After the ceremony, a couple hundred of our friends gathered at Morriss and Ann Henry’s house for a reception, and that evening we danced the night away at Billie Schneider’s place in the Downtown Motor Inn. At about 4 a.m., after Hillary and I had gone to bed, I got a call from my younger brother-inlaw, Tony, who was at the Washington County jail. While he was driving one of the guests home after the party, he was pulled over by a state trooper, not because he was speeding or weaving on the road, but because his tipsy rider was dangling her feet out of the car’s back window. After he stopped Tony, the deputy could see he had been drinking, so he hauled him in. When I got down to the jail to bail him out, Tony was shivering. The jailer told me that our sheriff, Herb Marshall, a Republican whom I liked, kept the jail real cold at night to keep the drunks from throwing up. As we were leaving, Tony asked me if I would get another man released who was in town making a movie with Peter Fonda. I did. He was shaking worse than Tony, so badly that when he got in his car to drive away, he rammed right into Hillary’s little yellow Fiat. Even though I bailed him out, the guy never paid me for the costs of the car repair. On the other hand, at least he didn’t leave his dinner on the floor of the county jail. So ended my first night as a married man.

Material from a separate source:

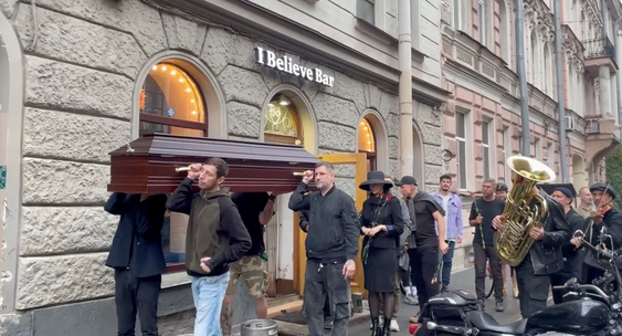 В украшенном гробом баре провожали маленькие бары, которые не смогут продавать алкоголь с 1 сентября.DP.RU

For the longest time I’d never thought I’d get married. Now that I was, it felt right, but I wasn’t sure where it would lead us.
Probably more has been written or said about our marriage than about any other in America. I’ve always been amazed at the people who felt free to analyze, criticize, and pontificate about it. After being married for nearly thirty years and observing my friends’ experiences with separations, reconciliations, and divorces, I’ve learned that marriage, with all its magic and misery, its contentments and disappointments, remains a mystery, not easy for those in it to understand and largely inaccessible to outsiders. On October 11, 1975, I didn’t know any of that. All I knew then was that I loved Hillary, the life, work, and friends we now had in common, and the promise of what we could do together. I was proud of her, too, and thrilled to be in a relationship that might not ever be perfect, but would certainly never be boring.
After our sleepless wedding night, we went back to work. We were in the middle of a school term, and I had black-lung hearings to attend. Two months later, we finally had a honeymoon in Acapulco, an unusual one, with Hillary’s whole family and the girlfriend of one of her brothers along. We all spent a week together in a beautiful penthouse suite, walking on the beach, enjoying the restaurants. I know it was different, but we had a great time. I adored Hillary’s mother, Dorothy, and enjoyed spending time with her father and brothers, playing pinochle and swapping stories. Like me, they were storytellers, and all of them could spin a good yarn.